She indicated to me that Bill No. 68 will hurt that unit, it will hurt the ability for that unit to ever get out of the situation that it finds itself in right now. This is her fear. She told me about working four 12-hour shifts and then going home and having time off and never being able, in the last few years, to get through her days off without being called back. It just doesn't happen. She is consistently and constantly called back to work. She told me that mandatory overtime has resulted in situations where she has been told you get back in here right now to do this shift, and it is really too bad that your 12 year old has a junior high school concert tonight that you have been planning to attend, because you have missed all of these other occasions that your daughter has been involved in. Your family doesn't come first. You cannot allow it to come first. You have to come back here.

Well, I am sorry, Mr. Premier, and members of the government caucus, but that is not good enough. We cannot be treating people in this province in that way. We cannot allow that situation to occur, because 12 year olds need their parents too and we do not have the right to demand that these people put their work at the whim of this government. We do not have that right.

What government needs to do is to use the tools that you have at your disposal to assist workers to find a balance between work life and family life. We have to stop. You want to talk about prevention? Let's do something to prevent this pervasive "marketization" of every aspect of our lives. It has gone to the point where working people can't have the time with their family members that they require for decent lives. Let's not forget that we are talking about mainly women - in the nursing profession, 97 per cent of the workforce are women - well if anybody knows anything about women and work, it is this duality between family and household responsibilities, community responsibilities and the pressure for paid employment. This needs to be dealt with fairly and seriously and you cannot enforce on people the choice to put the workplace before the family.
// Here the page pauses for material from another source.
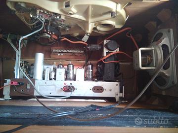 Radio giradischi SBR rp6 anno 1958 sistemato e funzionante. La testina originale ruotante disponeva di due puntine, una grossa per dischi a 78 giri e una per dischi microsolco: l'ho sostituita con testina piezoelettrica nuova moderna (non funziona coi 78 giri)
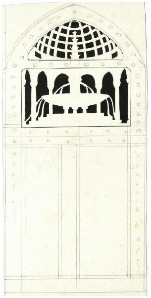 - NOTIZIE STORICO CRITICHE Come altri fogli conservati nel Fondo Disertori del Gabinetto dei Disegni del Castello Sforzesco di Milano, questo disegno sembra riconducibile ad un progetto per un cofanetto diverso da quello, meglio conosciuto, che aveva elaborato nel 1911 per amore di Giovanna. Il tema è quello della melanconia e delle acque che scorrono come essa, in eterno: da qui la scelta iconografica del motivo della fontana. \nIl progetto non sembra ancorabile, al momento, ad un preciso momento del percorso artistico di Disertori.

That, conceivably, could result in people choosing their families, and who could blame them? Then where will we be? Where will we be when women who are nurses, say I am going to give up my profession because my family is going to come first, and that is what you are doing to these women, that is what you are doing to health care providers. You are putting a gun to their head, as many of the women and the men who came in front of the Law Amendments Committee had to say.

Mr. Speaker, I also had a call, maybe not on the weekend, well, actually, I guess it was still on the weekend, we have spent so much time here, I am probably as sleep deprived as anybody else. I spoke to a person Sunday night before I came down here for the midnight shift, and this person who called me is an old friend and colleague who I worked with many years ago in a social work setting. She called me at home and she was very concerned about Bill No. 68 and I could feel the emotion in her voice. She was almost in tears, actually. I hadn't talked to her for some time. I was very pleased when I answered the phone and found out who it was. I said, how are you? And she almost burst into tears.

[Page 5947]

She said, well, I am not very good, but I am not going to go into all of that right now. I want to talk to you about Bill No. 68 and I want you to know how difficult things have been for the social work department in the hospital where I have been working for the past few years. I want you to know how difficult it has been to do all of the work that needs doing as positions have disappeared and workloads have increased and the acuity of patients has increased. But something else has increased as well - administration. Administration has increased and the tools that administrators have to do their jobs has increased. The cell phones, the computers, the technology, all of these things have increased in the health care system for managers and for administrators who seem to be reproducing at a remarkable rate, while front-line staff are disappearing.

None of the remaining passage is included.